An additional advantage of the present invention is that more freedom for 
selecting the proper seed ribbon crystal orientation is possible than in 
the prior art edge supported pulling technique. This is because of the 
substantial absence of foreign substance in the liquid crystal interface. 
As is known in the prior art edge supported pulling technique, certain 
seed ribbon crystal orientations are utilized to overcome the undesirable 
effect of the foreign substance of the edge defining filaments on the 
crystal growth. 
FIG. 5 shows a step in the process of the present invention wherein the 
growing silicon ribbon 42 is pulled away from the melt 32. During this 
step, the liquid-crystal interface 51 is continuously maintained by 
continuous rise of the molten silicon 32 by capillary action. Throughout 
this entire crystal growing process the edge defining members 44 maintain 
and stabilize the ends of the meniscus 48 on the growing crystal 42. 
Pulling speeds in the process of the present invention, as in the prior 
art, vary according to the dimensions of the crystal ribbon 42, and are, 
generally speaking, approximately in the 1 to 2.5 cm/min range. 
As it should be apparent from the above description, and in contrast with 
the prior art, the length of the crystalline ribbon 42 which is grown in 
accordance with the present invention is not limited by the length of the 
edge defining members 44. In a crystal growing apparatus wherein the 
silicon melt 32 is automatically replenished in the crucible 20, and 
therefore the level 34 of the melt 32 is substantially maintained in a 
predetermined range, the length of the crystal ribbon 42 is limited 
substantially only by the capacity of a conventional take-up apparatus 
(not shown). A silicon crystal ribbon 42 grown in accordance with the 
present invention is schematically in FIG. 8. 

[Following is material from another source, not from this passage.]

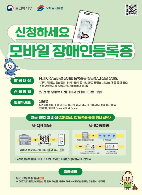 모바일 장애인등록증은 플라스틱 재질의 장애인등록증을 발급받은 장애인이 추가로 신청할 수 있으며, 발급 비용은 무료다.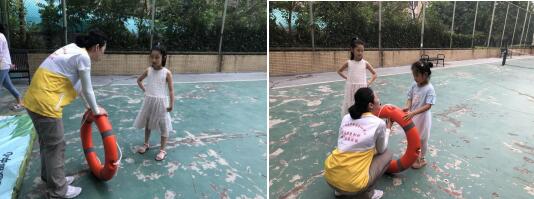 隨后,陳老師又給大家?guī)砹艘患蠖Y--“救生圈”,小朋友紛紛伸出手感受它表面的紋理以及它的重量。陳老師告訴小朋友們,救生圈雖然是一個有利的工具,但是在遇到他人呼救時不能率性而為,要充分考慮自己的能力,及時需求大人幫助。

Referring now to FIGS. 6 and 7, a second preferred embodiment of the 
crystal pulling apparatus of the present invention is shown. The second 
preferred embodiment differs principally from the first preferred 
embodiment only in that in the second preferred embodiment the edge 
defining members 44 are fixedly mounted to the crucible 20 rather than to 
some other part of a rigid structure. The mode of fastening the edge 
defining members 44 to the crucible 20 is not critical; quartz filaments 
acting as the edge defining members 44 may, for example, be fixed to a 
bottom 52 of the crucible 20. It is critical, however, to position the 
edge defining members 44 at a distance from one another, which, at least 
on the surface 34 of the melt 32, corresponds to the width of the crystal 
ribbon 42 to be pulled. 
The edge defining members 44 of the second preferred embodiment protrude 
slightly above the surface 34 of the melt 32 so that a meniscus 50 is 
established on the edge defining members 44. However, as is shown on FIG. 

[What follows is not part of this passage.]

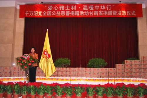 儀式上,原青海省人大副主任、省慈善總會會長杜穎發(fā)表重要講話,她說:“雅士利集團向我省少數民族地區(qū)、貧困山區(qū)兒童福利院、貧困小學捐贈價值50萬元的奶粉。你們的善行義舉、真情奉獻是對廣大兒童的最大關懷,是對慈善事業(yè)的大力支持。為了把這批愛心捐贈物資發(fā)放好、使用好,不辜負捐贈者的一片愛心,我希望各受援地區(qū)的兒童福利院、貧困小學要按照捐贈者和省慈善總會的要求,盡快將捐贈奶粉進行登記造冊,發(fā)放到位,落實到人。同時,在發(fā)放過程中要拍攝、錄取相關資料,并通過新聞媒體在社會上大力宣傳、報道中華慈善國際互聯網救助中心和廣東雅士利集團股份有限公司的善行義舉、愛心奉獻。正是他們扶危濟困、回報社會的高尚道德情操,弘揚了中華民族樂善好施的傳統美德,倡導了互助友愛、守望相助的道德風尚,也創(chuàng)造了支撐慈善事業(yè)發(fā)展的良好社會氛圍。”她說:“甘肅是一個經濟欠發(fā)達的內陸省份,同時又是一個自然災害頻發(fā)的地區(qū)。無論城鎮(zhèn)還是農村,貧困人口多,貧困面大,社會救助的任務十分繁重。眼下正值天寒地凍,也正式廣大弱勢群體最需要得到救助的時候。我們熱切期待省內外、海內外富有愛心、善心的企業(yè)家和社會各界人士為我省貧困地區(qū)奉獻愛心、傾注真情,為貧者、弱者建起生活幸福、快樂成長的天堂。”

6, it is advantageous for the edge defining members 44 to protrude to a 
lesser distance from the melt 32 than the expected height of the meniscus 
48 on the seed crystal ribbon 38 or on the growing crystal ribbon 42. This 
is because the liquid-crystal interface 51 is then established 
substantially above the edge defining members 44, and therefore 
crystallization occurs in substantial absence of foreign material. As it 
was explained above, this promotes substantially monocrystalline growth. 
In all other substantial aspects, the second preferred embodiment of the 
present invention operates in the same manner as the first preferred 
embodiment. Thus, the seed crystal ribbon 38 is lowered to the surface 34 
of the melt 32, and is thereafter pulled in an upwardly direction away 
from the melt 32 to give rise to a crystal ribbon 42 of indefinite length 
and of high degree of crystal perfection. 
The crystal ribbon 42 grown in accordance with the present invention has no 
dendrite rails or foreign substance filaments attached to its longitudinal 
edges. This represents an additional advantage over the prior art 
"dendritic" or "edge supported pulling" techniques, because in the prior 
art the dendritic rails or filaments, as applicable, must be removed from 
the crystal ribbon. 
Several modifications of the hereinabovedescribed apparatus and process may 
become readily apparent to those skilled in the art in light of the above 
disclosure. Therefore, the scope of the present invention should be 
interpreted solely from the following claims.